▶ _SUPPLIED INFORMATION_:

====

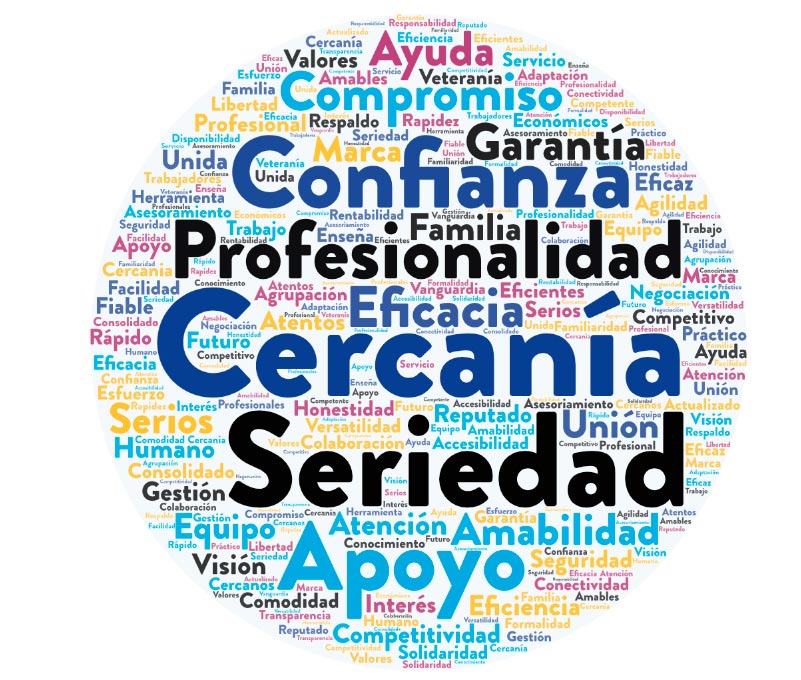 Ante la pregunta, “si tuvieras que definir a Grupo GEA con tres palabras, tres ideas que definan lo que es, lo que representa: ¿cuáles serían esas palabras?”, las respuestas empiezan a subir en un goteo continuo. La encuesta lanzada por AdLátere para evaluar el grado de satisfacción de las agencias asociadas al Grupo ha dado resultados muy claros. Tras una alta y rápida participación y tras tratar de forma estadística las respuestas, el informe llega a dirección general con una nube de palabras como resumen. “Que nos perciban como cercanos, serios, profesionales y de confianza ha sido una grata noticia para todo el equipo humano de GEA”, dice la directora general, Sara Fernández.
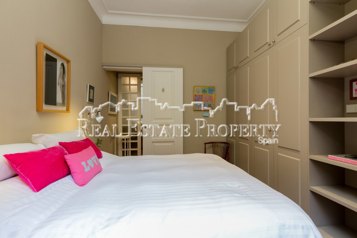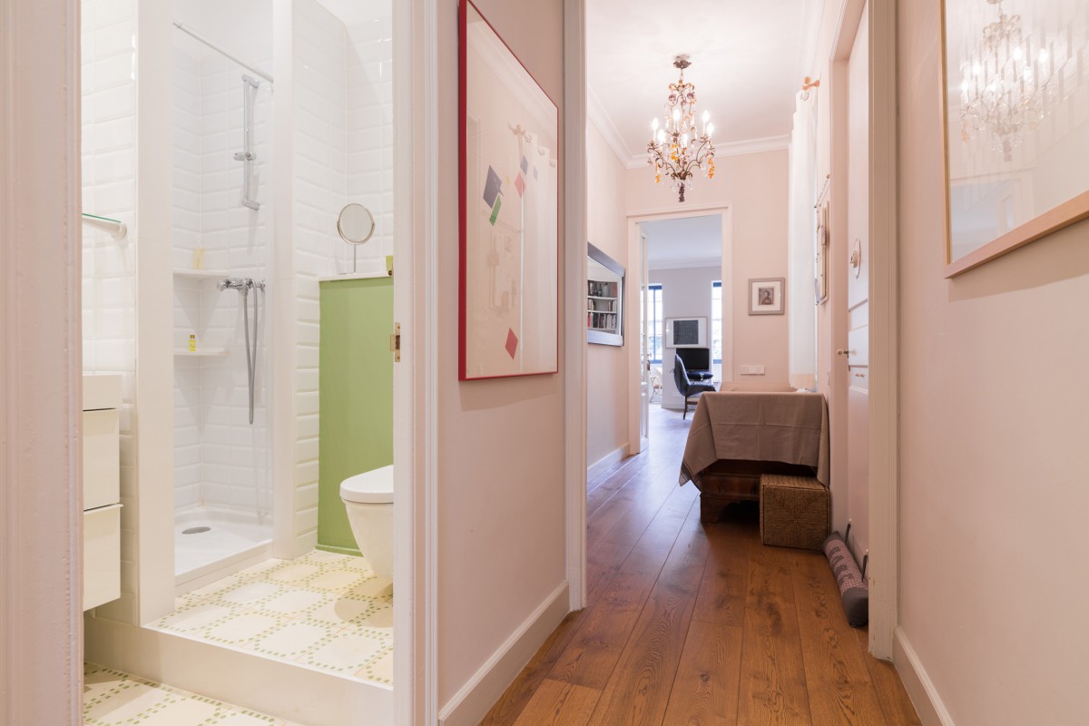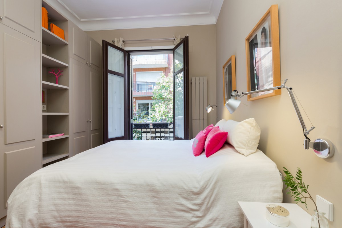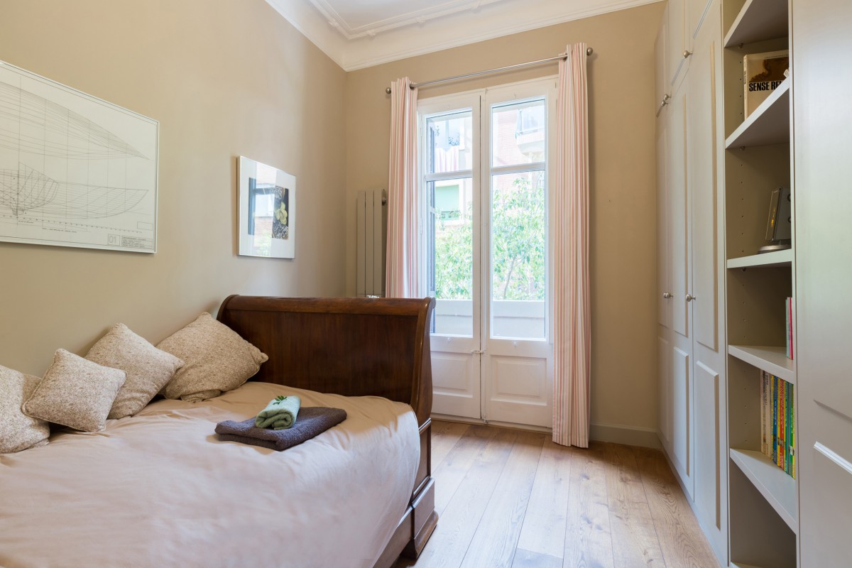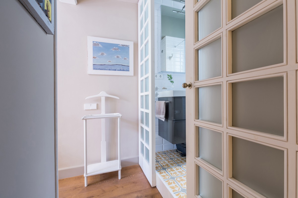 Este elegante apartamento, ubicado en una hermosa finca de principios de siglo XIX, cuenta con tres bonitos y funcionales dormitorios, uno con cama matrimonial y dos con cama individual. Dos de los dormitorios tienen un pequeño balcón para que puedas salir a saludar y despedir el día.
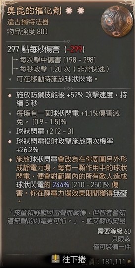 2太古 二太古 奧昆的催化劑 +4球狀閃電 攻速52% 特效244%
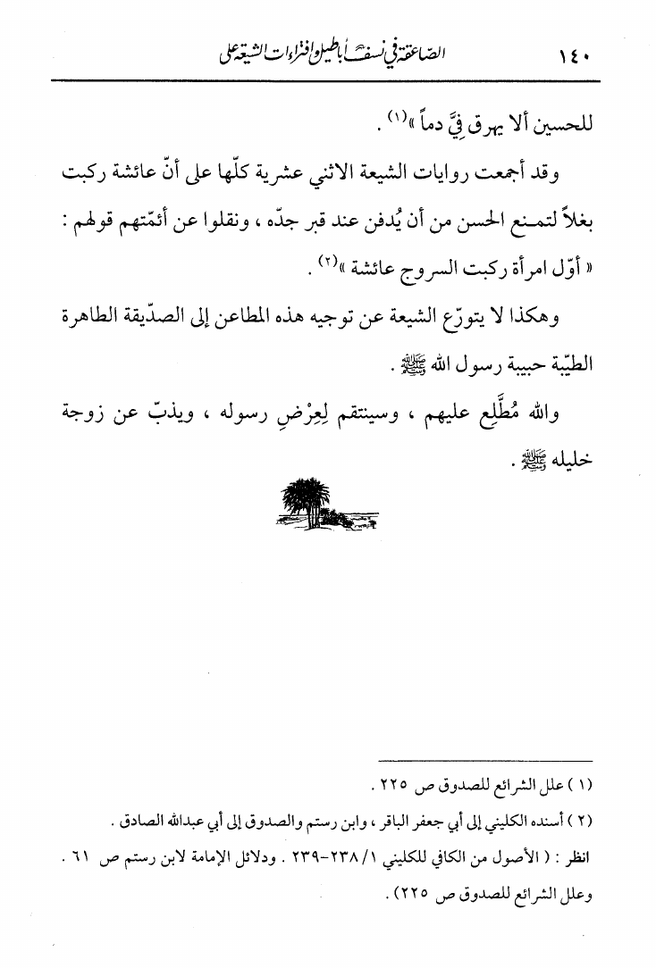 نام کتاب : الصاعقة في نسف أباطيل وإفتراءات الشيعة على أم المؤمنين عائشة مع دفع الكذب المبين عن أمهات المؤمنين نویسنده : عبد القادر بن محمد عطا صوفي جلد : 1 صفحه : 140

====

Please give again only those lines that run from the one containing "2太古 二太古 奧昆的催化劑 +4球狀閃電 攻速52% 特效244%" through the final line of the listing, both included, exactly as written and without pictures.

 2太古 二太古 奧昆的催化劑 +4球狀閃電 攻速52% 特效244%
 نام کتاب : الصاعقة في نسف أباطيل وإفتراءات الشيعة على أم المؤمنين عائشة مع دفع الكذب المبين عن أمهات المؤمنين نویسنده : عبد القادر بن محمد عطا صوفي جلد : 1 صفحه : 140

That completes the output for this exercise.